● RECORDS SHOWN:
____
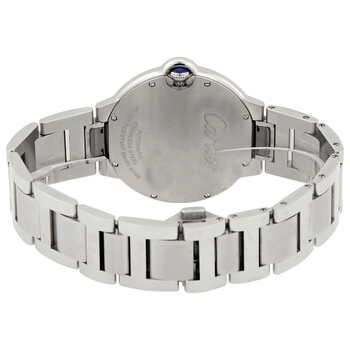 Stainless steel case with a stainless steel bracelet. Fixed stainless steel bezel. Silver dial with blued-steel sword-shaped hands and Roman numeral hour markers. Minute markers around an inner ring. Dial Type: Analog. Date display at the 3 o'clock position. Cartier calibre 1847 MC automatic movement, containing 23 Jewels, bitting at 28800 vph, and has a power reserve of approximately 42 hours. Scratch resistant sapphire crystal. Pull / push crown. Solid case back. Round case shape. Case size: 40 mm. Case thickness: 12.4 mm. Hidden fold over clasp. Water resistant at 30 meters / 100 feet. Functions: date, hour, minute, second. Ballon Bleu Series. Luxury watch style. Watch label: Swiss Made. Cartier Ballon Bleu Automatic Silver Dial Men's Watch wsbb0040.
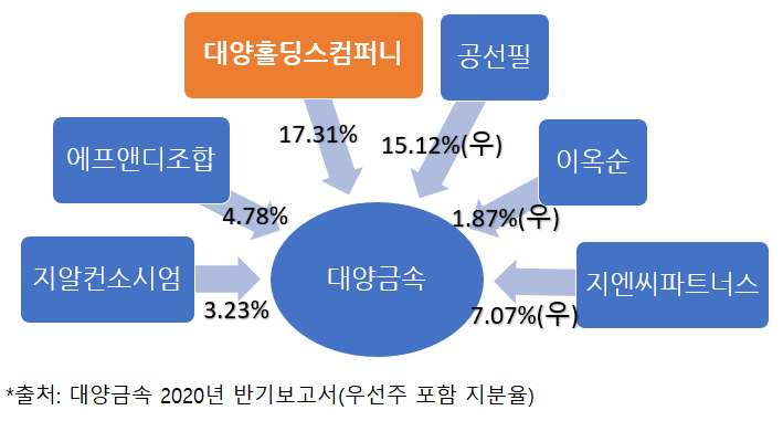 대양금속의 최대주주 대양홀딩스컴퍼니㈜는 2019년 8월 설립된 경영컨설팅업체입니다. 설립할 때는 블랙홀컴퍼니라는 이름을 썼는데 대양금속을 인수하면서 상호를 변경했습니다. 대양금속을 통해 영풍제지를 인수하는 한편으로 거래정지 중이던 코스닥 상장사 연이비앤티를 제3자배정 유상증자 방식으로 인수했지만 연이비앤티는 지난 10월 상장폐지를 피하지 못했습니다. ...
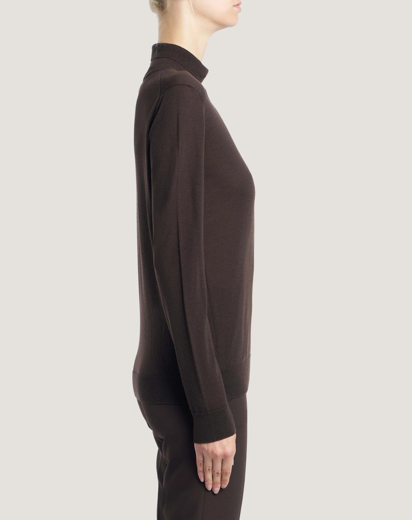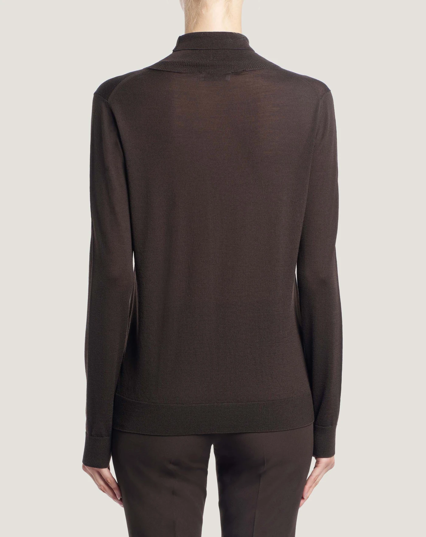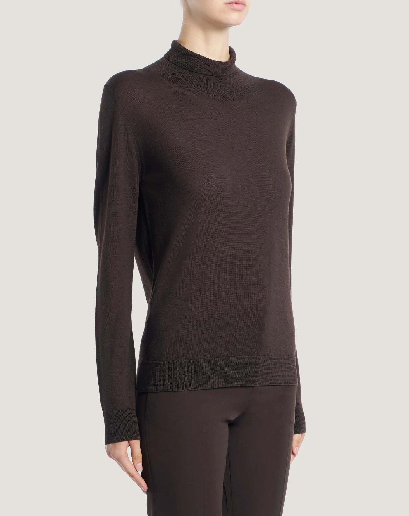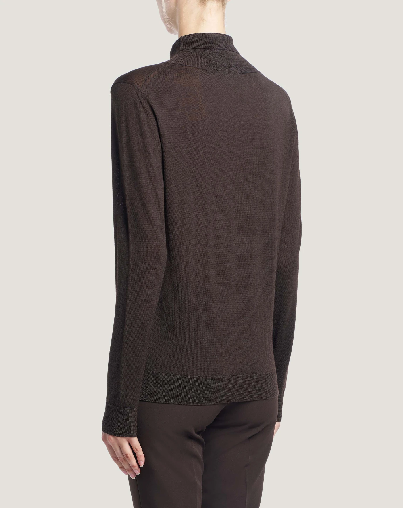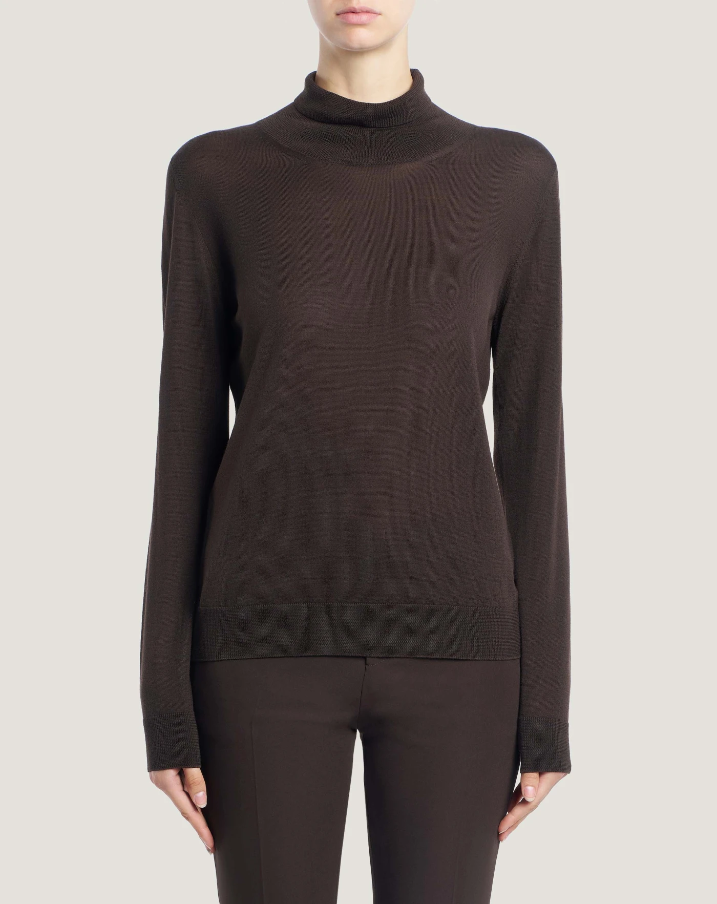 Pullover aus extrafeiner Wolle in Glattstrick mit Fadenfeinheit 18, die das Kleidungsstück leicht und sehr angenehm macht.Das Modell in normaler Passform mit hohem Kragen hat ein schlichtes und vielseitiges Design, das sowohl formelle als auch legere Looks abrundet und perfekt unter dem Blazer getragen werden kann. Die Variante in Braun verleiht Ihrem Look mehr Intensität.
____
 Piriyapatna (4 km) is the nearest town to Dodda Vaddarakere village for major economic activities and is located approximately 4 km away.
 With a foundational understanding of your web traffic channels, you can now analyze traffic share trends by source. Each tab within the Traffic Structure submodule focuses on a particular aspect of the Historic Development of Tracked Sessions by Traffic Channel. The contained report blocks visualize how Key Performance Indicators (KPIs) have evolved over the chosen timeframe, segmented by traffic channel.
____
● TASK DESCRIPTION: Within the listing above, copy exactly the lines that start at the one with "Stainless steel case" and continue through the one with "Pullover aus extrafeiner". Omit pictures.

● SOLUTION FOR THIS TASK:
 Stainless steel case with a stainless steel bracelet. Fixed stainless steel bezel. Silver dial with blued-steel sword-shaped hands and Roman numeral hour markers. Minute markers around an inner ring. Dial Type: Analog. Date display at the 3 o'clock position. Cartier calibre 1847 MC automatic movement, containing 23 Jewels, bitting at 28800 vph, and has a power reserve of approximately 42 hours. Scratch resistant sapphire crystal. Pull / push crown. Solid case back. Round case shape. Case size: 40 mm. Case thickness: 12.4 mm. Hidden fold over clasp. Water resistant at 30 meters / 100 feet. Functions: date, hour, minute, second. Ballon Bleu Series. Luxury watch style. Watch label: Swiss Made. Cartier Ballon Bleu Automatic Silver Dial Men's Watch wsbb0040.
 대양금속의 최대주주 대양홀딩스컴퍼니㈜는 2019년 8월 설립된 경영컨설팅업체입니다. 설립할 때는 블랙홀컴퍼니라는 이름을 썼는데 대양금속을 인수하면서 상호를 변경했습니다. 대양금속을 통해 영풍제지를 인수하는 한편으로 거래정지 중이던 코스닥 상장사 연이비앤티를 제3자배정 유상증자 방식으로 인수했지만 연이비앤티는 지난 10월 상장폐지를 피하지 못했습니다. ...
 Pullover aus extrafeiner Wolle in Glattstrick mit Fadenfeinheit 18, die das Kleidungsstück leicht und sehr angenehm macht.Das Modell in normaler Passform mit hohem Kragen hat ein schlichtes und vielseitiges Design, das sowohl formelle als auch legere Looks abrundet und perfekt unter dem Blazer getragen werden kann. Die Variante in Braun verleiht Ihrem Look mehr Intensität.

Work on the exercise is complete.